2024 Howard S. Schwartz Memorial Annual Lecture Series Graduate Workshop
“Echoes of Social Life in Illuminated Manuscripts of the Fourteenth and Fifteenth Centuries”
Nina Rowe, Professor of Art History, Fordham University
Friday, March 8th, 2024 | 12:15–1:45pm CT | Conrad A. Elvehjem Building, Hagen Room #150
*Email Professor Thomas Dale at tedale@wisc.edu to RSVP for the workshop and obtain the readings.
Abstract:
Standard narratives of western European medieval art history tend to focus on images and structures connected to the church or the court. As a result, clerics and nobles are centered and the daily experiences of city dwellers often are ignored. This workshop explores objects and methods that can help us fill out the picture. We will examine images and texts in Middle High German illuminated manuscripts and consider how they register interests and practices also depicted in monumental sculptures and paintings, as well as in the new medium of engraving, targeted to patently lay and urban audiences.
Biography:
Nina Rowe specializes in the art of northern Europe in the high and late Middle Ages (twelfth to fifteenth century). Her recent research examines illuminated World Chronicle (Weltchronik) manuscripts, created in southern Germany and Austria circa 1330 to 1430. Another facet of her scholarship examines images of Jews and Judaism in settings ranging from monumental cathedral façade sculpture to hand-held carved ivories. Her scholarship also addresses the production and reception of illuminated manuscripts in the medieval and modern eras.

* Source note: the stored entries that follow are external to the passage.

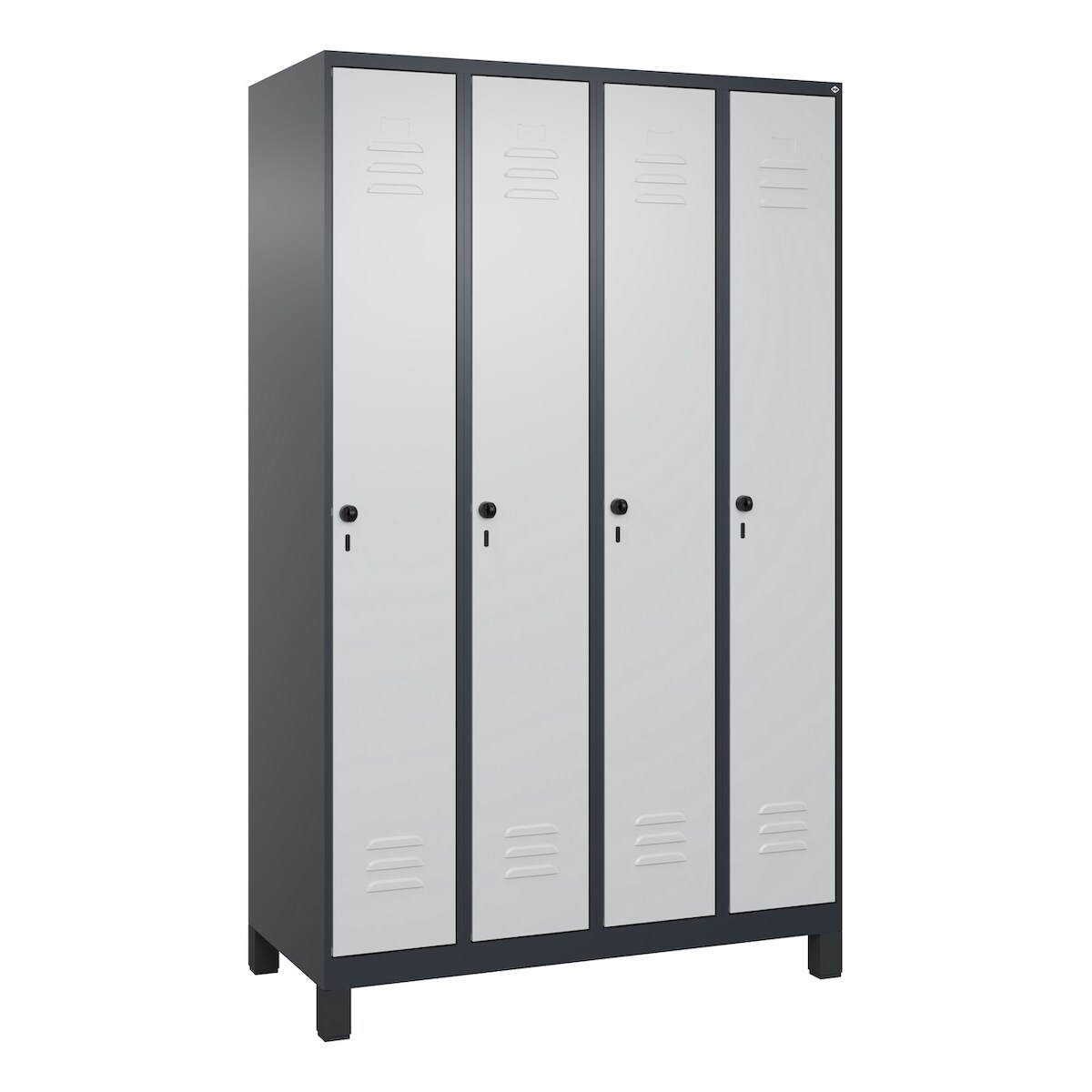C+P Spind Classic PLUS, Füßen, 4 Abteile, HxBxT 195x120x50cm, Sicherheitsdrehriegel, Anthrazit/Hellgrau von PROREGAL
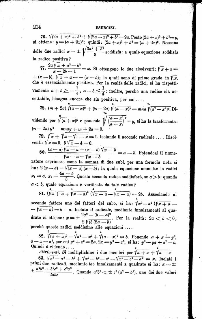 76. V(2a + x)3 + 62 + V(2a x)2 4- 62 = 2a. Posto(2a 4~a:)24- &2=y, si ottiene: y = (a + 2x)2; quindi: (2a + a:)2 + 62 = (a -+- 2x)3. Nessuna
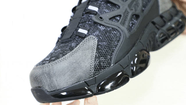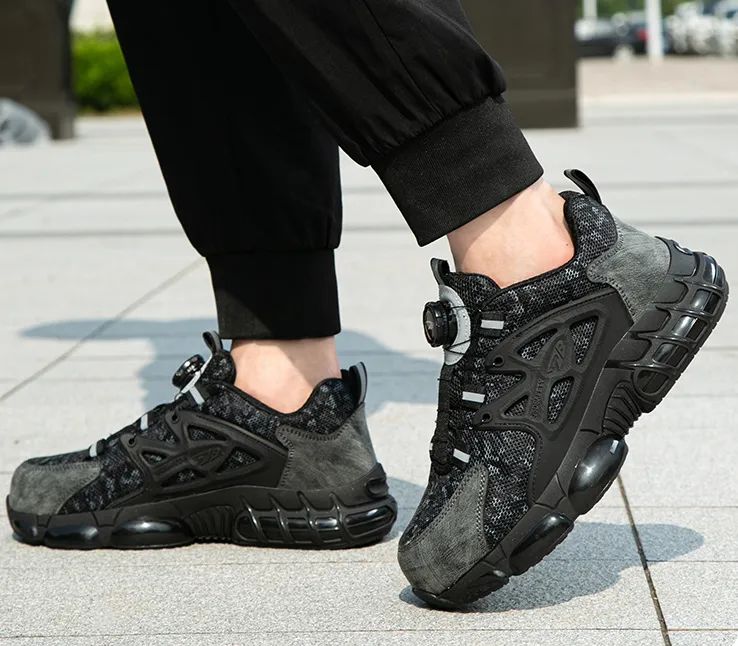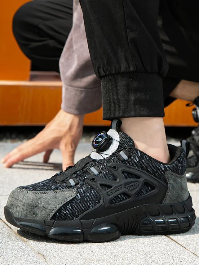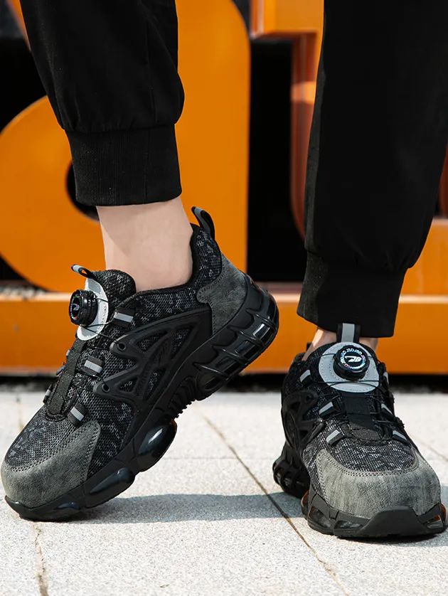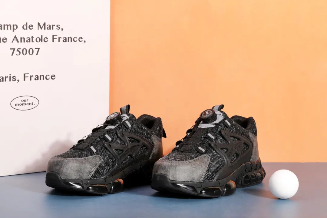笙观相沐户外飞织休闲鞋特别设计了加宽防砸钢头,橡胶包边防止摩擦割伤鞋面,防锈烤漆,久穿不生锈。
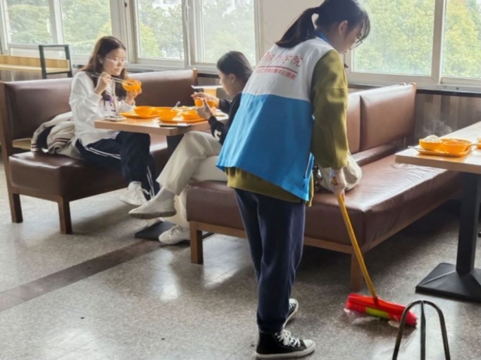 中午十二点,22名志愿者准时集结,到达指定地点进行签到,领取志愿者服并佩戴口罩。同学们在认真听完食堂工作人员的讲解之后在各组负责人的带领下分别前往一食堂的一楼和二楼,有序开展食堂清扫活动。在清扫食堂的过程中,同学们分工协作,相互配合,充分展现了当代大学生无私奉献,劳动光荣的青春风采。有的志愿者负责打扫食堂过道,不放过一个角落;有的志愿者负责擦洗桌子,保证不剩油污;还有一些志愿者在完成自己的工作后,也会去帮助其他志愿者,这体现了互帮互助的精神。此次活动结束后,同学们体会到了叔叔阿姨在食堂工作的辛劳,然后也向他们表达自己的由衷感谢。
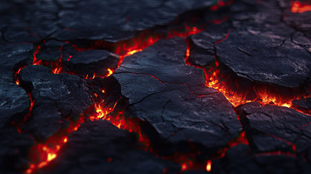 A Dramatic volcanic lava flow with glowing red and black textures creates mesmerizing and intense natural scene
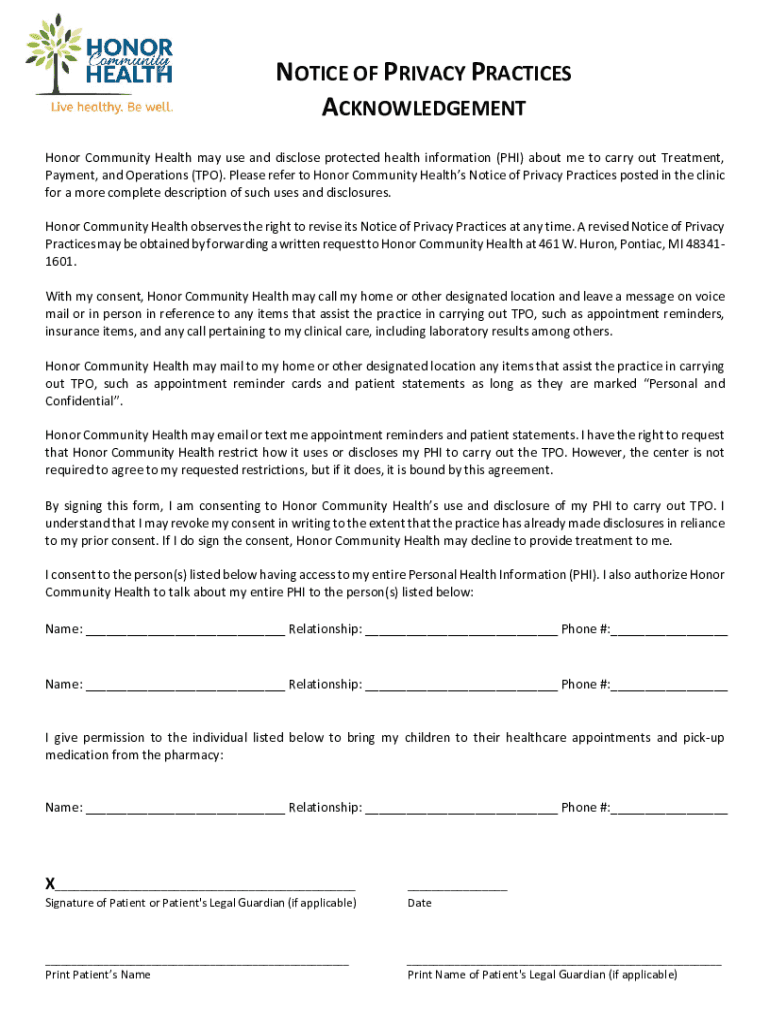 NOTICE OF PRIVACY PRACTICES ACKNOWLEDGEMENT Honor Community Health may use and disclose protected health information (PHI) about me to carry out Treatment, Payment, and Operations (TPO). Please refer
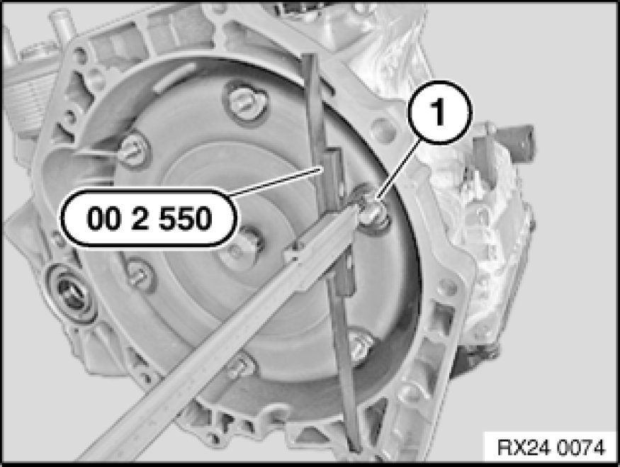 Determine distance between contact surface and surface (1) of tapped hole in torque converter with special tool 00 2 550 00 2 550 Depth Gauge.
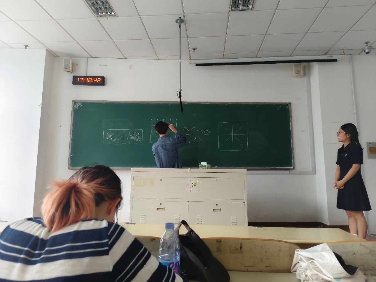 在书法体验环节中,队员们更是沉浸其中,纷纷表示:“书法社的学姐用‘之’和‘水’这两个简单的汉字带我们推开了书法结构的大门,让我们领略到了结构的风采。”一位队员兴奋地展示着自己的作品,脸上洋溢着满足的笑容。此外,实践队充分利用社交媒体平台,将书法教学的精彩瞬间和队员们的作品分享给更多人。“通过这次活动,我不仅学会了书法,更感受到了中华文化的魅力。”一位队员在个人社交媒体上写道,“希望更多人能了解并爱上这门艺术。”
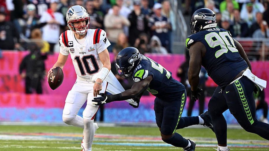 Seattle Seahawks' linebacker #58 Derick Hall (C) pulls the undershirt of New England Patriots' quarterback #10 Drake Maye during Super Bowl LX between the New England Patriots and the Seattle Seahawks at Levi's Stadium in Santa Clara, California on F (Josh Edelson / AFP / Getty Images)
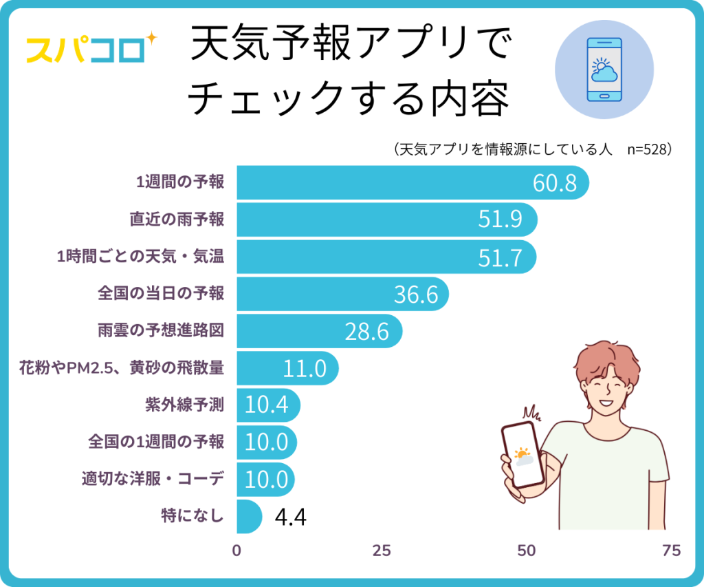 では、天気予報アプリのユーザーはアプリでどんな情報をチェックしているのでしょうか。

Professor Rowe’s research has been supported by fellowships from the National Endowment for the Humanities (2016–17), the American Council of Learned Societies (2016–17), and the Metropolitan Museum of Art (2007–08). She was awarded the Karen Gould Prize from the Medieval Academy of America in 2023 for her book The Illuminated World Chronicle: Tales from the Late Medieval City (Yale UP, 2020). She served as President of the International Center of Medieval Art (ICMA), 2020–23.
Image caption: Dancers and Musicians, illumination in a manuscript of Der Renner, Tirol (Austria), ca. 1460 or later. New York: The Morgan Library and Museum, MS M.763, fols. 145v–146r.